Come è noto la Fondazione Pietro Conti nasce nell’estate del 2007 su decisione della allora Direzione regionale dei Democratici di sinistra dell’Umbria quando tale partito si apprestava ad interrompere la propria attività politica in favore del nascente Partito democratico.

Con lungimiranza tale delibera affidava alla costituenda Fondazione una mission politicamente e culturalmente molto significativa che riporto a larghi tratti: intraprendere iniziative volte ad affermare, diffondere e sostenere l’identità, il pensiero, la storia, la tradizione culturale e l’azione poltica della sinistra umbra; promuovere attività tese a conservare, valorizzare, incrementare e salvaguardare i beni, il patrimonio, mobiliare e immobiliare, della sinistra umbra; favorire l’incontro tra personalità politiche, studiosi ed accademici, professionisti, imprenditori e soggetti appartenenti alle altre parti sociali e del mondo del lavoro che possano fornire supporto di idee ed ogni altro contributo e sostegno alle attività della Fondazione e, comunque, all’azione politica della sinistra umbra; promuovere e favorire l’attività di ricerca, studio e consultazione, per sviluppare la conoscenza delle idee e delle azioni delle associazioni partitiche della sinistra umbra; promuovere, progettare ed organizzare attività formative, corsi, convegni e seminari nelle discipline di sua competenza, sia in via diretta sia a mezzo di enti, strutture ed organismi pubblici o privati, ai quali può aderire; promuovere la pubblicazione delle opere dei pensatori della personalità della sinistra umbra.

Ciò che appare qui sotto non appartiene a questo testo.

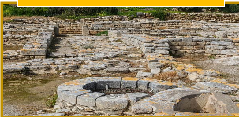
Scavi del palazzo di Festo- Creta

Il popolo CRETESE per costruire palazzi utilizzava materiali molto semplici da trovare in natura, come: LEGNO, PALTA, FERRO ECC.
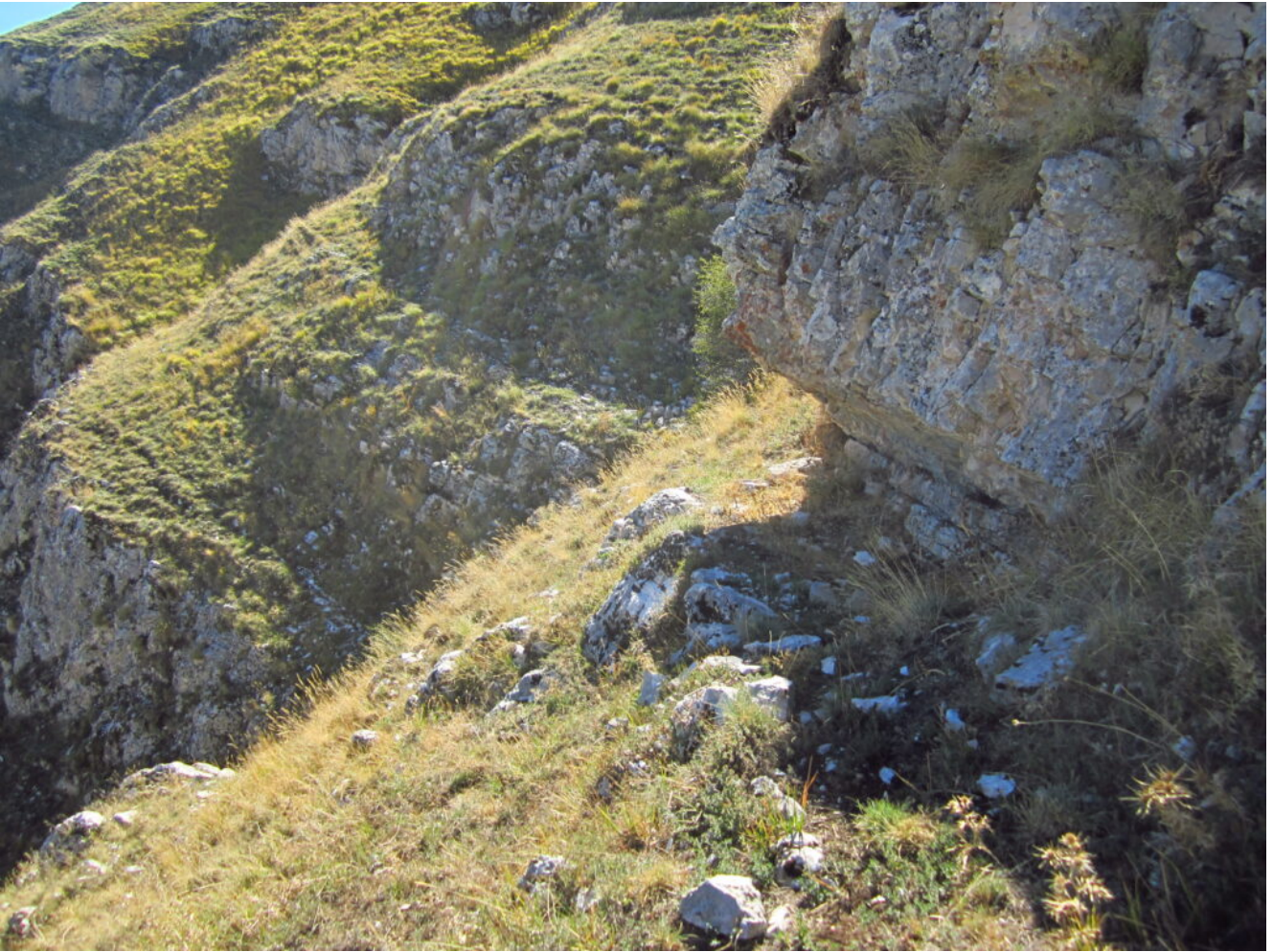
9- La grotticella vista dal lato destro.
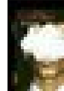
Género Negro leer fragmento [comprar]
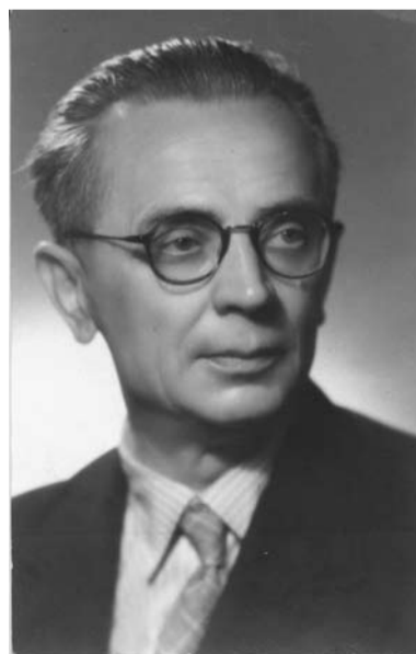
Gustaw Morcinek
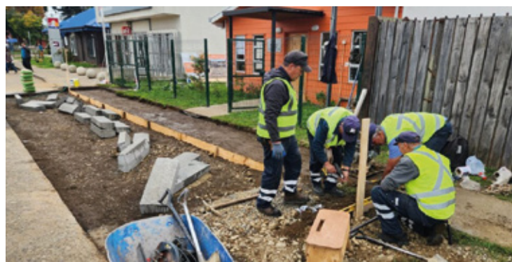
Freire inicia obras de estacionamientos y accesibilidad universal
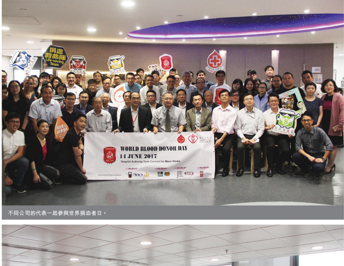
不同公司的代表一起參與世界捐血者日。

一年一度的世界捐血者日於6月14日舉行，新福港繼續通過鼓勵和組織員工參與捐血活動。
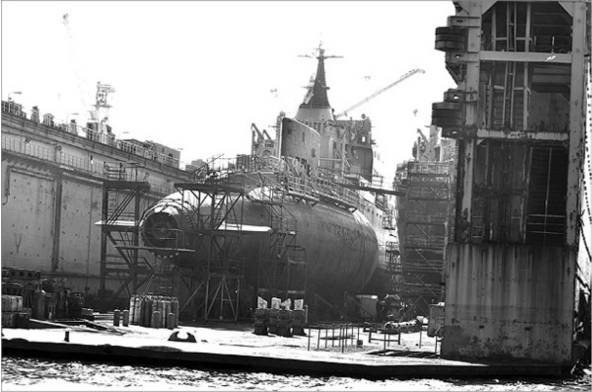
Подводная лодка «Алроса» в бесконечном ремонте в плавдоке ПД-30.
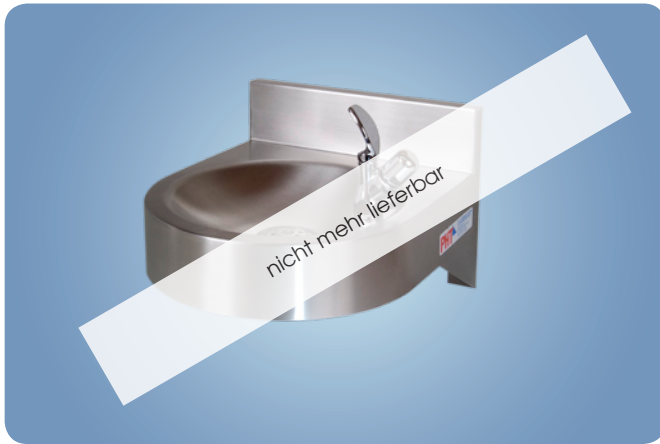
Typ WH 1
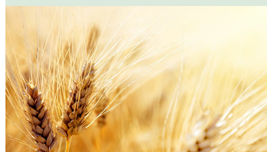
Découverte de l'été.
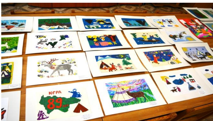
Выставка рисунков «Моя Югра»
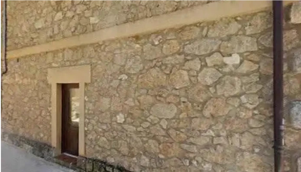
Iglesia de san cristobal descuentos
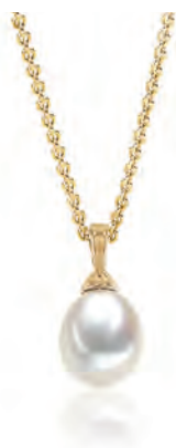
●07 204.1232 750/-GG Anhänger, Süßwasser-Zuchtperle, Tropfen, weiß, 8 - 8,5 mm
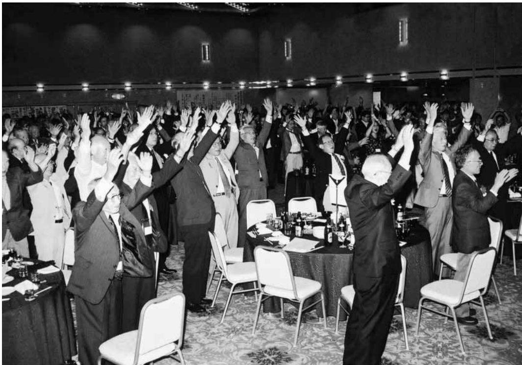
会場でも大きな声で「バンザイ！」
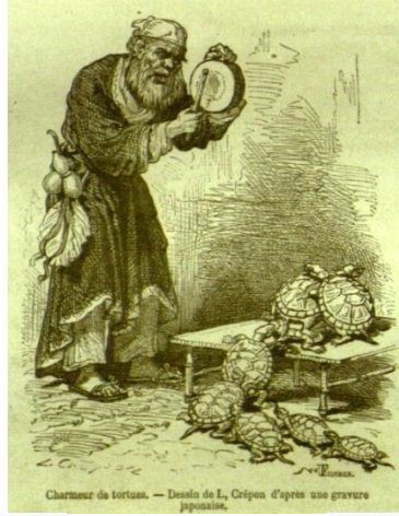
Görsel 6. L. Crépon, Charmeur de tortues, Tour du Monde, 1869.
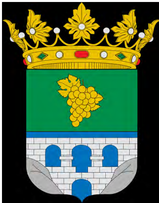
Figura 1. Escudo heráldico de Alhama de Almería.

Balneario puede hacerse por ferrocarril hasta Almería, en autobús ALSA hasta Almería o bien en avión hasta Almería y desde Almería en autobús ALSA a Alhama de Almería.

Il tutto, trasferendo al contempo alla stessa tutti i beni materiali e immateriali, gli archivi cartacei e informatici, il nome ed il logo, le biblioteche, le riviste e le pubblicazioni posseduti.

Ovviamente la Statuto della Fondazione ha raccolto tali indicazioni e la sua azione negli anni ha operato in tal senso.

In breve, oltre alla salvaguardia e alla valorizzazione del patrimonio immobiliare, la Fondazione ha tra l’altro pubblicato libri, organizzato incontri e dibattiti in varie città dell’Umbria, partecipato a due edizioni della Notte Rossa, operato per salvaguardare i materiali e la tradizione della sinistra umbra; non da ultimo la rivista “Cronache Umbre” che state leggendo è ripartita per sua decisione ed impegno.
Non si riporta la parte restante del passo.